Giving away your product for free to every customer that complains seems like a quick way to go out of business.

If you buy a faulty ipad from apple, they'll certainly give you your money back, but they'll make you return the ipad.

3 comments

Super simple - turn your worst anti-evangelist into your biggest supporter. For the value of a used, possibly defective device with a $99 retail (therefore costing probably $20-35 to produce).

It's hard to explain, but I've lived through this so many times, and seeing an angry customer turn into a better marketing resource than any adwords campaign, and getting the warm fuzzies at the same time, is good business in my book.

> If you buy a faulty ipad from apple, you can certainly get your money back, but you need to return the faulty device too

Sure, but Apple won't remotely disable your device until you turn it in for a refund. If you want to preƫmptively cut off services, you should initiate the refund. That leaves the customer with a free (albeit broken) product. This is partly why few companies remotely disable devices after purchase, particularly as a retaliatory measure.

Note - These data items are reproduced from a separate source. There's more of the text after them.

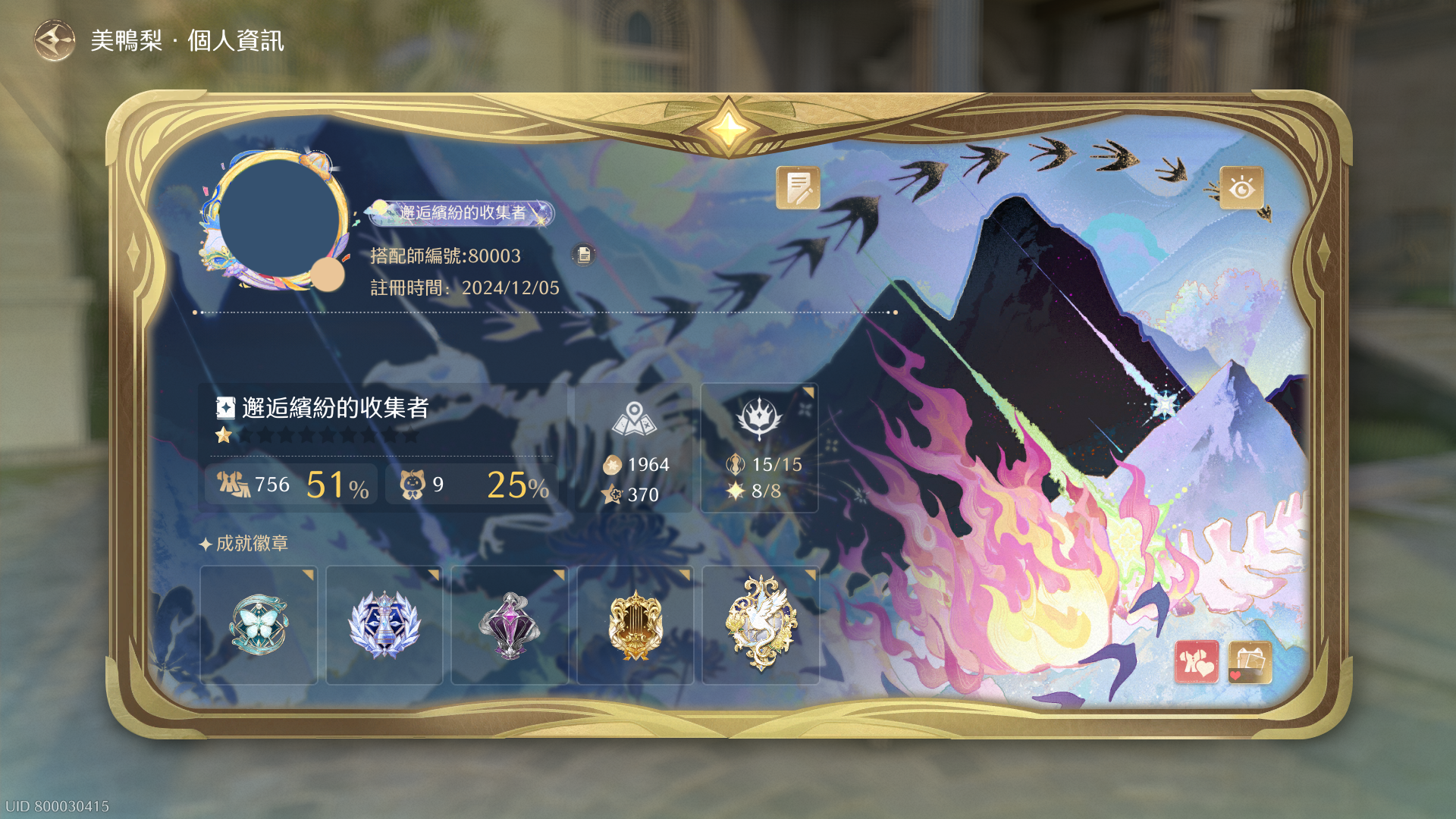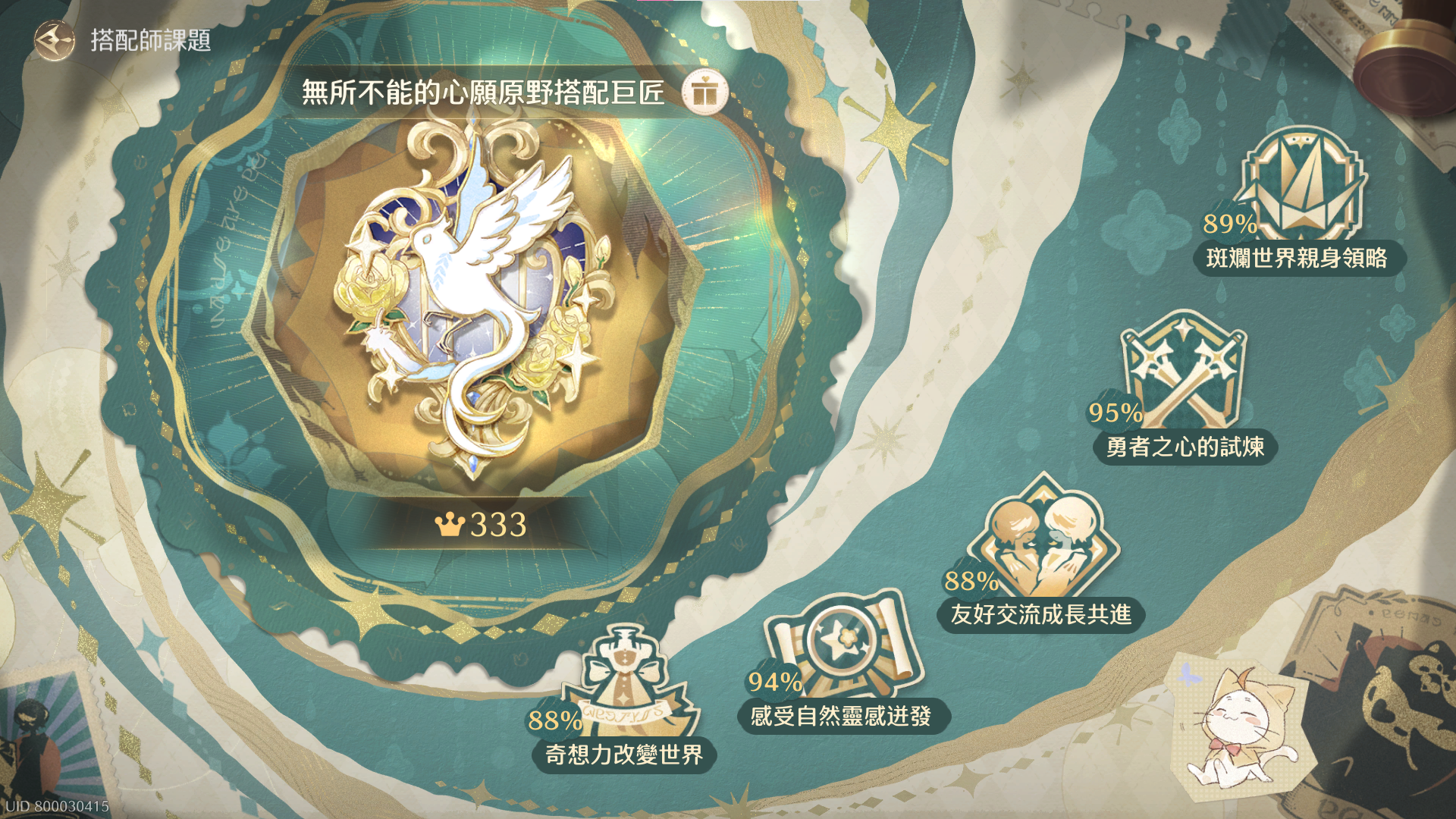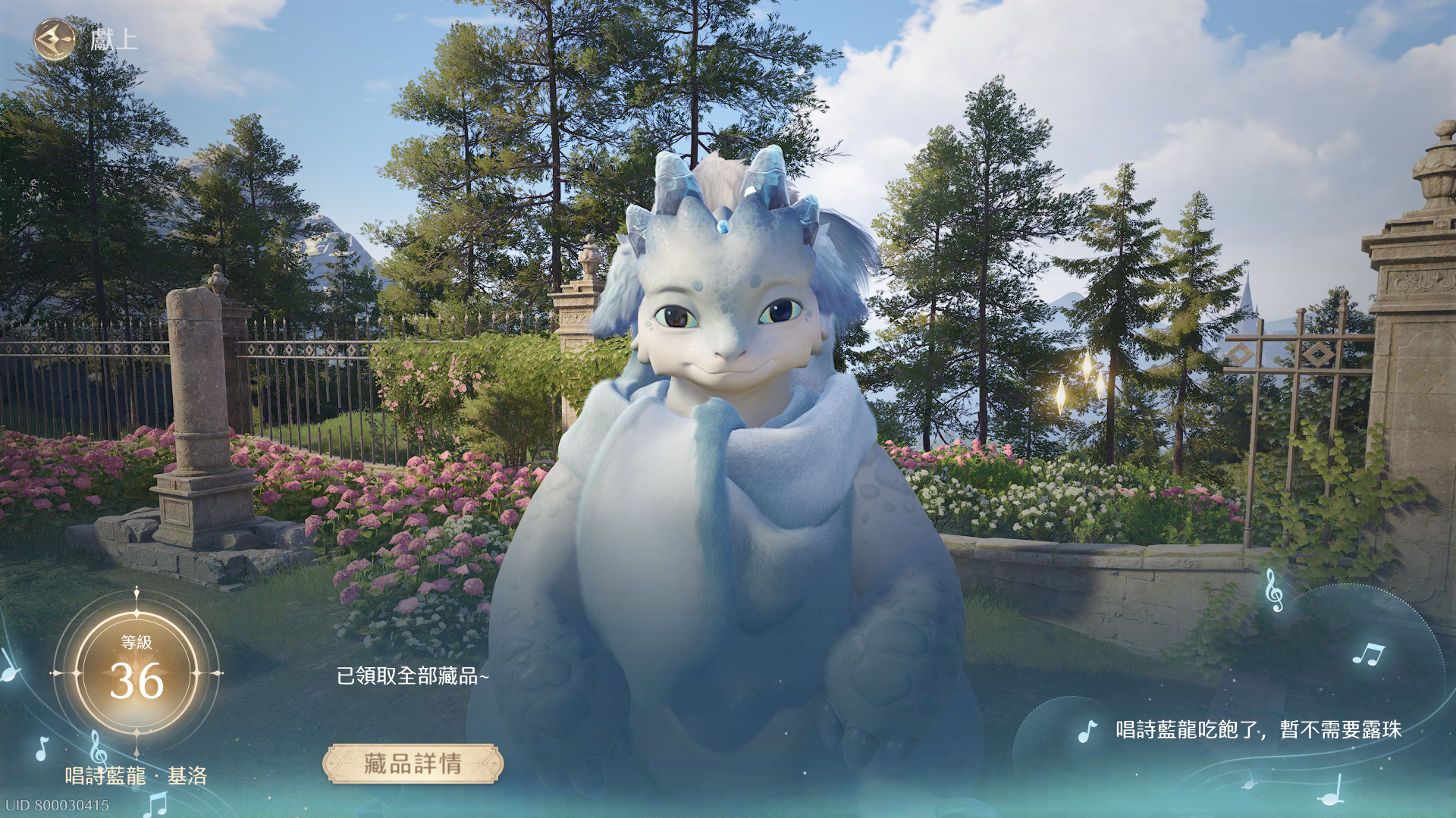 目前到所有內容已通關(包括活動)、地圖進度全100%(包含寶箱)、搭配師課題滿級,奇蹟大陸寶箱全收集、藍龍收集36等級(靈感露珠全收集)、奇想星全收集、花焰群島的奇想氣球全收集、焰光結晶全收集、主線進度全通關、活動、支線全通關、四大天王全完美通關、奇蹟之旅、1.4版本無限之心全開(目前進度如圖片、心得皆25000以上),香氣全蒐集、種多素材、兩套奇蹟套裝全收集,包含進化素材也已收集。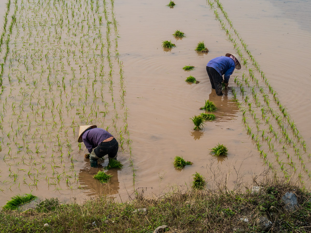 Planting rice.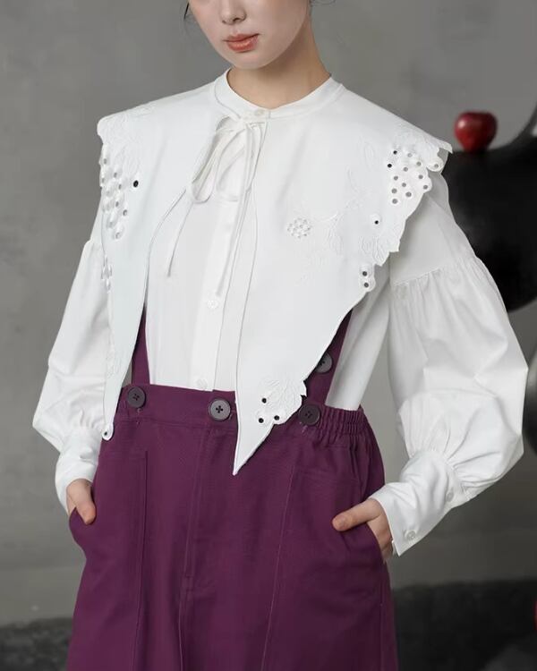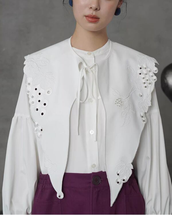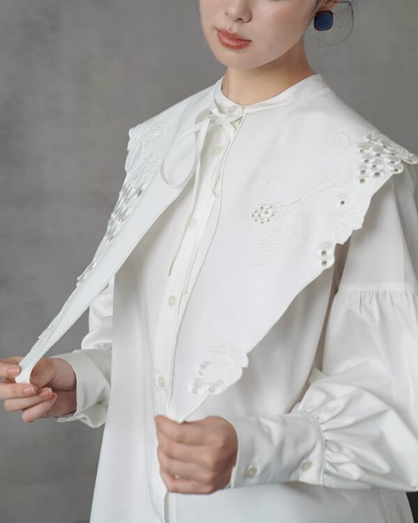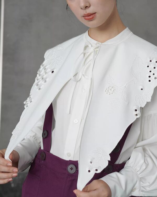 Eyelet Lace Embroidered Collar & Blouse V0083 ca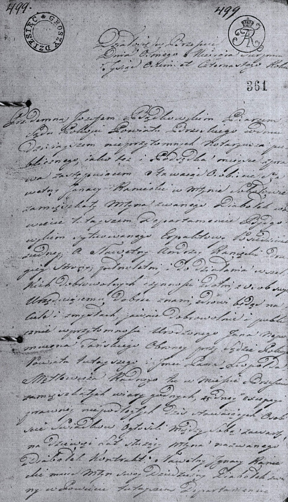 „(…) Gdy jednak strona pozwana na odparcie powództwem jego złożonym przez siebie Przywilejem od Najjaśniejszego nam szczęśliwie panującego Monarchy Polskiego Stanisława Augusta na tenże młyn Diabełek niegdyś pomienionemu Maciejowi Rańcowi brata teraźniejszego powoda samemu i jego małżonce Zofii z Rędzikowskich teraz zapozwanej pozostałej wdowie łaskawie w roku 1765 dnia 22 miesiąca lipca danym przez Najjaśniejszego Króla imć podpisem, pieczęcią Kancelarii Wielkiej Koronnej utwierdzonym, księgami zaś Grodu Kowalskiego w sobotę to jest dnia 6tego miesiąca września roku 1783 oblatowanemu, w Sądzie się naszym broni i tę sprawę Sądowi tutejszemu być niepodległą do rozsądzania konkluduje, i owszem do przyzwoitego Sądu onejże odesłania to jest do Prześwietnej Referendarii Koronnej pretenduje (…)”.

Yeah, definitely not advocating for remote disabling of anything. Only responding to the sample support response and suggesting that it's worthwhile to retrieve the device and issue the refund. Not just issue the refund.
Not a 99 dollar retail price device. I'd guess the hardware earned the developer maybe 10, 20 bucks?

Loosing one or two less future sale probably makes up for the loss.

Understanding that one customers frustration and improving the experience for other new future customers could literally be priceless.

They're probably making way more than $10-20 on that thing - you can buy wifi capable dev boards for $10 out of China. If you're producing in bulk, you can probably build that even cheaper.

The marginal cost to make more units is dirt cheap, I'd be surprised if it's >$20 - the cost to develop the whole system in the first place is the hard part on the technical side of things. Then there's the business side which they just blew pretty bad. Giving the customer the hardware costs them almost nothing - write it off to make the customer happy. As long as you don't have to do that too much, it's perfectly sustainable.

If the company only makes $20 bucks on it, then they're losing $80 by giving it away. That's how profit margins work.